The lawyer may say, for example, “The state utility commission has questioned your rate proposals in the past, consumer associations throughout this state have criticized you for raising rates, and industrial associations have attacked you on every side. Don’t you think it’s time to hold the line on rates?” This is clearly inflammatory. There may be some truth in it, but it carries such emotional words as attacked, criticized, questioned.
The defusing technique for responding is simply to restate, or paraphrase, the question in less emotional words, like this: “Counselor, I believe you’re asking if the customers are getting the proper quality of service for a fair price, and can we justify it. The answer to both questions is yes.” The question was restated, and then answered. To do this, the restatement must contain the key elements that the opposing lawyer had in his; otherwise, it is reduced to manipulation, which is not ethically pure.

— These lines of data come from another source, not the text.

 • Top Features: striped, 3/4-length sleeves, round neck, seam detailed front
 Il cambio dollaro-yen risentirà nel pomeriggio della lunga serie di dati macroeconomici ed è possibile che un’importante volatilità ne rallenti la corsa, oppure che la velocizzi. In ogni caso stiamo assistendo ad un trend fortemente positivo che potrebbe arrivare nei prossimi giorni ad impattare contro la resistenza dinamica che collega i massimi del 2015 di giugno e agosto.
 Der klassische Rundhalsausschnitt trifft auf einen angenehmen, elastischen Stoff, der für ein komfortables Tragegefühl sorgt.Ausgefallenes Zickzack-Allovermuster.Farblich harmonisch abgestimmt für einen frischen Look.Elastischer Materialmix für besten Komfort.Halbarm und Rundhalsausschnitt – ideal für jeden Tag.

The part–true question might sound like this: “Isn’t it possible that an unwarranted expenditure by your company could be overlooked, and that would cost your customers more money?“ The key is, “Isn’t it possible.” That part is true. It is possible; no one is perfect. The “give-to-get” technique is used. This is an “it’s true… and it’s also true…” type of reply, which might work this way: “Yes, it’s true that an unwarranted expenditure could slip through, and if it really happened, it could cost our customers money. It’s also true that we have a system of checks and balances. For example…”

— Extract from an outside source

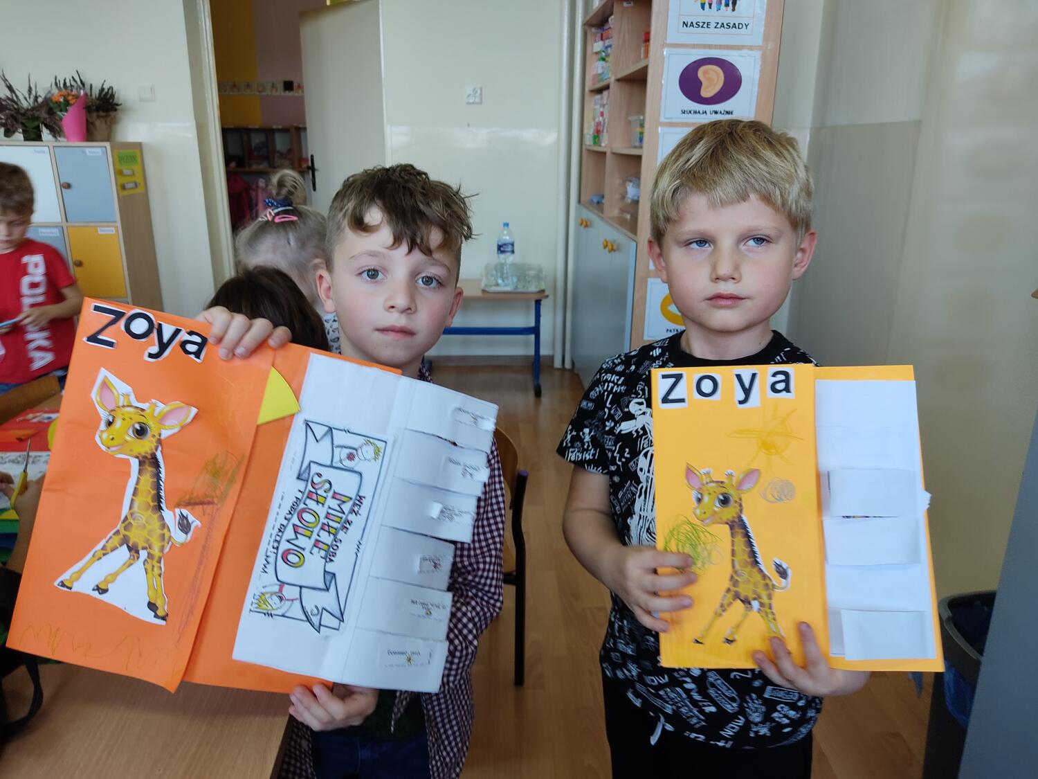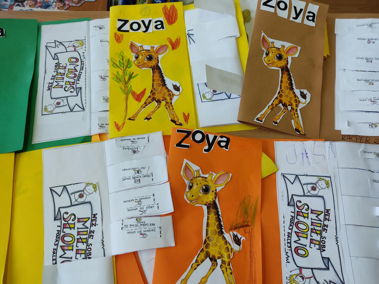 Żyrafa na stałe zagościła w komunikacji bez przemocy w bystrzakach. Ostatnio obiecaliśmy sobie,że zrobimy każdy z nas z osobna książkę o żyrafie Zoyi, udało się to dzisiaj, w czwartkowe popołudnie. Dzięki innej formie książki- lapbooka, takiej książki-składanki ,ciekawej i stwarzającej okazję do motywacji tworzenia czegoś zupełnie nowego. Każdy bystrzak stworzył  bardzo kreatywną i mądrą książkę o żyrafce, która uczy nas komunikacji , która polega na poszanowaniu uczuć i potrzeb własnych , jak również innych ludzi.Porozumienie bez Przemocy jest drogą empatii, drogą do piękniejszego życia, opartego na życzliwych relacjach z ludźmi. A tutaj autorzy książek przy pracy. Brawo dla wszystkich twórców.
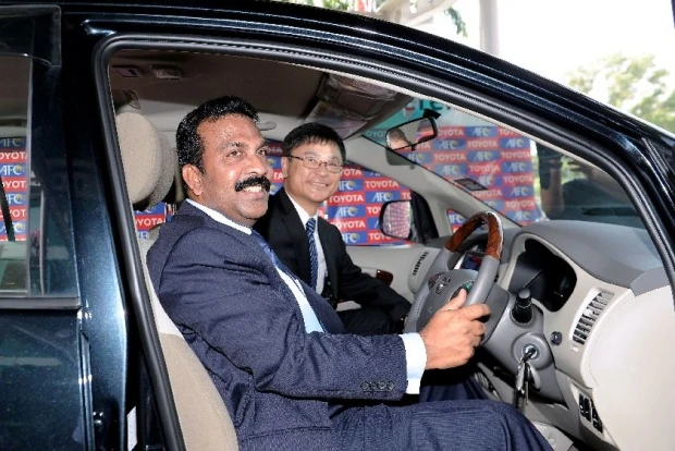 Ông Soosay (lái) chở vị Tổng giám đốc bán hàng của hãng Toyota- ông Tomozoe

When the reverse of the opposing lawyer’s statement is true, a reverse statement is made: “Just the opposite is true.” And when the statement is false and damaging, the reply takes the form of a flat denial: “That is absolutely false.”
The ideal witness
Gossling describes the ideal witness as “well-founded technically in his area of expert testimony, secure in his opinions, with a strong code of ethics. That is, there is nothing he would rather do on the witness stand than fully tell the truth and he is willing to go the extra mile to put the truth in a clear perspective for the hearing examiner. He is so secure that he is willing to share power with the lawyer. The witness who is willing to cooperate on many questions, and then come down with both feet to resist at the appropriate point, is secure enough to share power.”
Most witnesses feel that succeeding well in a hearing and under cross-examination is a matter of doing their homework. The rest is left to chance, and is often called an art. They say that you either have it or you don’t.
“We have a refinement on that point of view,” comments Gossling. “We believe that being a good witness is 50% homework, 40% science, and 10% art. It is the science of effective communication in high-pressure situations that most witnesses lack. Most of us are good at telling the truth, but few of us are good at putting the truth into a clear picture that anyone can understand, and fewer still can do that under pressure. We provide witnesses with the science of communication as well as plenty of opportunity to practice it on videotape with communication models that are step-by-step structures – like following a wiring diagram for circuits. If they can follow the models, they succeed.”